Riguardo la capacità di trovare in sé, ascoltare e dare voce a questi desideri di trasformazione, di cambiamento rispetto al modello dominante che non si prende cura che di se stesso, il mio personale problema è stato in passato quello dell’isolamento, di sentirmi “figlio unico” in questo percorso. Questo non è che un corollario dell’incapacità di individuare (o voler ammettere) la caratterizzazione di genere di certi disagi. Di fatto, fin da piccolo ho sempre sia subìto sia non voluto replicare un certo modo maschile di stare nel mondo che (anche con comportamenti che rientrano nella più pacata normalità accettata da chiunque, nei modi di scherzare e socializzare) è violento, aggressivo, machista, omofobo e misogino. Tra maschi però non si parla di questi disagi. Se non quando vediamo qualcun altro che ne parla. Gli uomini che non accettano tutto un certo sistema simbolico in genere se ne stanno in silenzio, diciamo che anziché prendere parola schivano i colpi dell’irreggimentazione patriarcale. Si sopporta quello che non ci piace di certi amici maschi o di certi ambienti maschili o misti – o talvolta si disertano. Si possono evitare frequentazioni femminili che ci rimandano il desiderio di un maschile virilista. Ma il silenzio non serve a molto; anzi c’è sempre il rischio di cadere in una sorta di narcisismo vittimista basato sulla propria superiore diversità. Per questo, a mio avviso, è importante per gli uomini darsi uno spazio – anche separatista – che invece raccolga questi disagi di fronte all’irreggimentazione e questi desideri di trasformazione e dia possibilità di esprimersi.

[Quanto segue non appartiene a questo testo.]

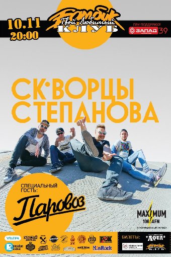 Ждем всех любителей бодрой музыки и позитивных танцев в клубе «Бамбук» на чумовом концерте питерских парней «Скворцы Степанова». Специальный гость — группа «Паровоз».
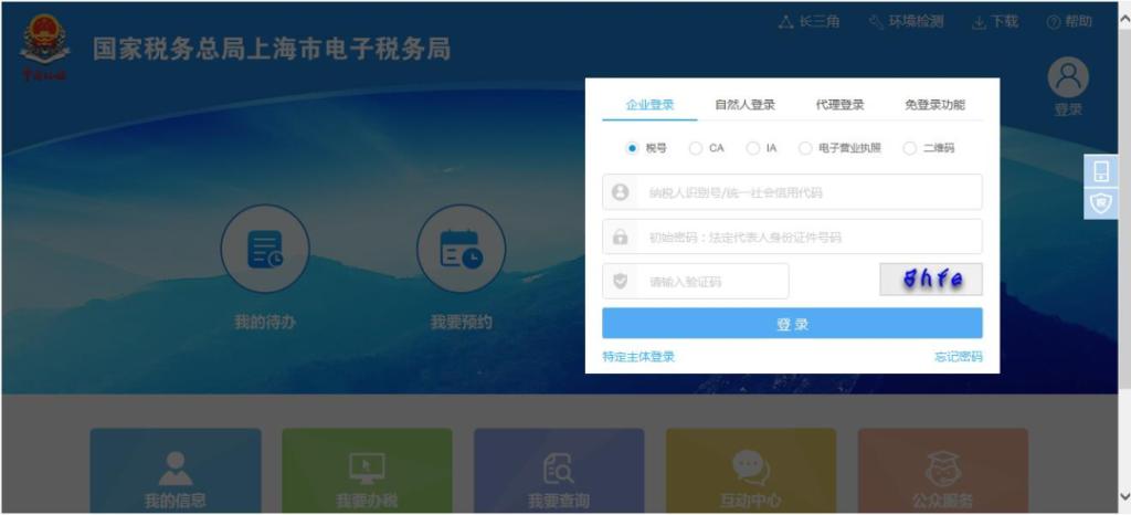 (一)首先进入国家税务总局上海市电子税务局页面,选择用税号密码或CA方式登录上海市电子税务局,点击登录后自动跳转至办税员验证界面,已完成实名认证的办税员可选择自然人用户密码、手机验证或刷脸验证中的任一方式进行登录验证,验证通过后,即可完成电子税务局登录。
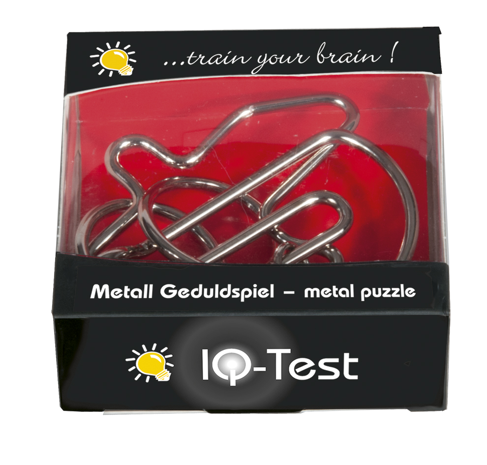Fridolin IQ Test. Geduldspiel Adler aus Metall. Ziel ist es, ein Teil aus dem Puzzle zu entfernen.
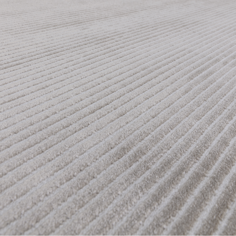 Use our Kuza collection to create a chic base. Kuza is velvety soft and comes in a variety of rich jewel-like tones and contemporary neutrals. Its pile is complex and multi-dimensional. This adaptable collection would work well in a variety of home settings because it offers the option of an all-over abstract, a muted border, a modern ikat, or a plain stripe design.

Eppure, lo spazio in cui gli uomini parlano tra loro di che cosa significhi essere uomini e si dedicano al tema del rapporto con le donne è tutt’altro che assente. I desideri degli uomini non sono nascosti. I maschi parlano ovunque di donne e di tutte le categorie che non rispondono al maschile eteronormativo: deridendole o esorcizzandone l’umanità. Esprimono pubblicamente i loro desideri come “utilizzatori finali” del bene di consumo femminile. Questi desideri non hanno bisogno di “liberarsi”, di trovare parola: sono già quelli dominanti – sono i desideri corrispondenti al modello attuale del neoliberismo patriarcale. Alcuni gruppi di uomini non si accontentano della misoginia che si respira ovunque ma, partendo proprio da un confronto tra di loro, da una condivisione e costruzione di alcuni propri desideri, giungono a esprimere in forma di rivendicazione perfino un rancore esplicito verso le donne.

Non si tratta dunque di trovare un luogo in cui dar voce ai desideri maschili attuali. Gli uomini dovrebbero invece costantemente analizzare quelli che si trovano a vivere, denudarli, metterli a confronto con i dettami più o meno espliciti della società da cui veniamo e di quella che costruiamo. Un dialogo tra uomini sul disagio e sui desideri maschili è dunque fondamentale, perché attraverso l’ascolto del desiderio di cambiamento degli altri uomini non si può non guardare dentro di noi anche quella riluttanza e quei desideri che portano, rispetto alla cura verso le relazioni, un grande numero di uomini alla presenza inefficente o all’assenza – se non alla presenza contro. Ma per mantenere una continua tensione positiva, tra l’esprimersi liberamente e il riconoscere il patriarcato da cui siamo attraversati, serve soprattutto un dialogo fittissimo con il femminismo, che del patriarcato ha smascherato l’invisibilità con un’urgenza di cui riconoscere la forza non dovrebbe spaventare noi uomini, ma esortarci a un dialogo in cui non assumere voci inautentiche, predisposte da stereotipi che ci ingabbiano.